------ RECORDS SHOWN
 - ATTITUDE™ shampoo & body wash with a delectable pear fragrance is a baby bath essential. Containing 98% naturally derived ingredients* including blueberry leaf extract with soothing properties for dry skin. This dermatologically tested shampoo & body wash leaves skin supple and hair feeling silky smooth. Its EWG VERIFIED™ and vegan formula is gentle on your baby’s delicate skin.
------------
------ RECORDS SHOWN
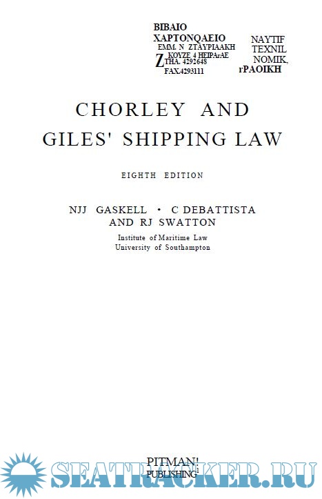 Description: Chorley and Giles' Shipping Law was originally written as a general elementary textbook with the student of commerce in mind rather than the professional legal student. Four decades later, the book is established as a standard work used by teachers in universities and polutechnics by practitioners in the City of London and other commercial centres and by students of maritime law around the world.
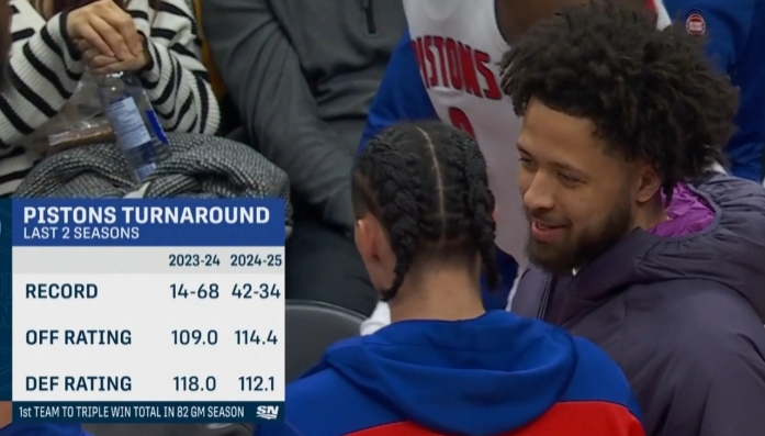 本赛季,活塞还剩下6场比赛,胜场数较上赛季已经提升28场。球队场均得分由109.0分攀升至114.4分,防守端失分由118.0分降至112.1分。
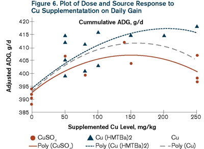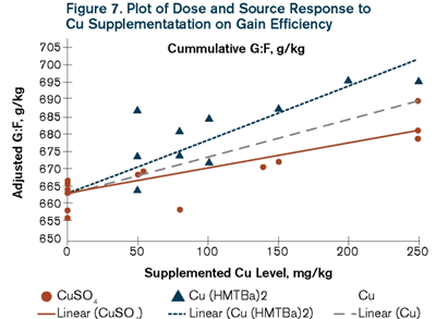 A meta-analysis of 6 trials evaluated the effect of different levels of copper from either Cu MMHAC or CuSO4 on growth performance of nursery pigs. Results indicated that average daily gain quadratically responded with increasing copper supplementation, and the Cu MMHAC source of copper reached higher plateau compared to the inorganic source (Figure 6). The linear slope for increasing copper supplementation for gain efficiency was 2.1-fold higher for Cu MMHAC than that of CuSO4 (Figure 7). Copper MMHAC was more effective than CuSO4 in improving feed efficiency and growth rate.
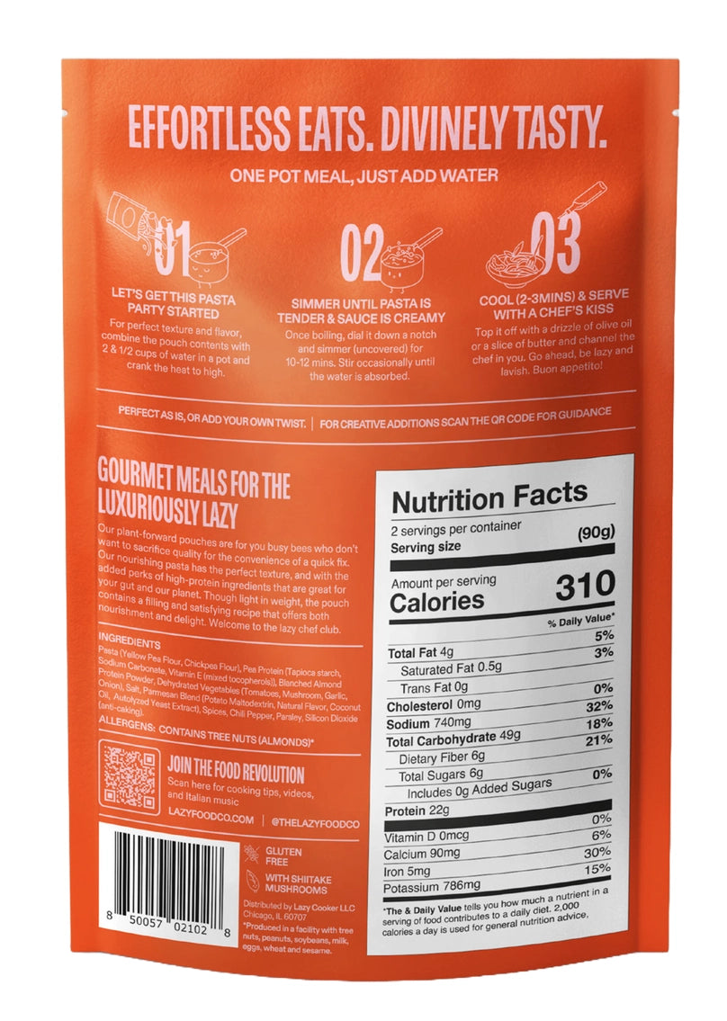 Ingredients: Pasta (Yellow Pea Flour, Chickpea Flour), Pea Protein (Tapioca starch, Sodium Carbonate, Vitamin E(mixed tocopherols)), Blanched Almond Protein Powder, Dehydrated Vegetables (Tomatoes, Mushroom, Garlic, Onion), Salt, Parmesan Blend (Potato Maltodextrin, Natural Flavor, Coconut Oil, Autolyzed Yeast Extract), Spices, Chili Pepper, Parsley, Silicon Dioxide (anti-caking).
------------
BRIEF - Using the entries above, transcribe exactly from the line that has "A meta-analysis of" through the line that has "Ingredients: Pasta (Yellow". Pictures are dropped.

TASK OUTPUT -
 A meta-analysis of 6 trials evaluated the effect of different levels of copper from either Cu MMHAC or CuSO4 on growth performance of nursery pigs. Results indicated that average daily gain quadratically responded with increasing copper supplementation, and the Cu MMHAC source of copper reached higher plateau compared to the inorganic source (Figure 6). The linear slope for increasing copper supplementation for gain efficiency was 2.1-fold higher for Cu MMHAC than that of CuSO4 (Figure 7). Copper MMHAC was more effective than CuSO4 in improving feed efficiency and growth rate.
 Ingredients: Pasta (Yellow Pea Flour, Chickpea Flour), Pea Protein (Tapioca starch, Sodium Carbonate, Vitamin E(mixed tocopherols)), Blanched Almond Protein Powder, Dehydrated Vegetables (Tomatoes, Mushroom, Garlic, Onion), Salt, Parmesan Blend (Potato Maltodextrin, Natural Flavor, Coconut Oil, Autolyzed Yeast Extract), Spices, Chili Pepper, Parsley, Silicon Dioxide (anti-caking).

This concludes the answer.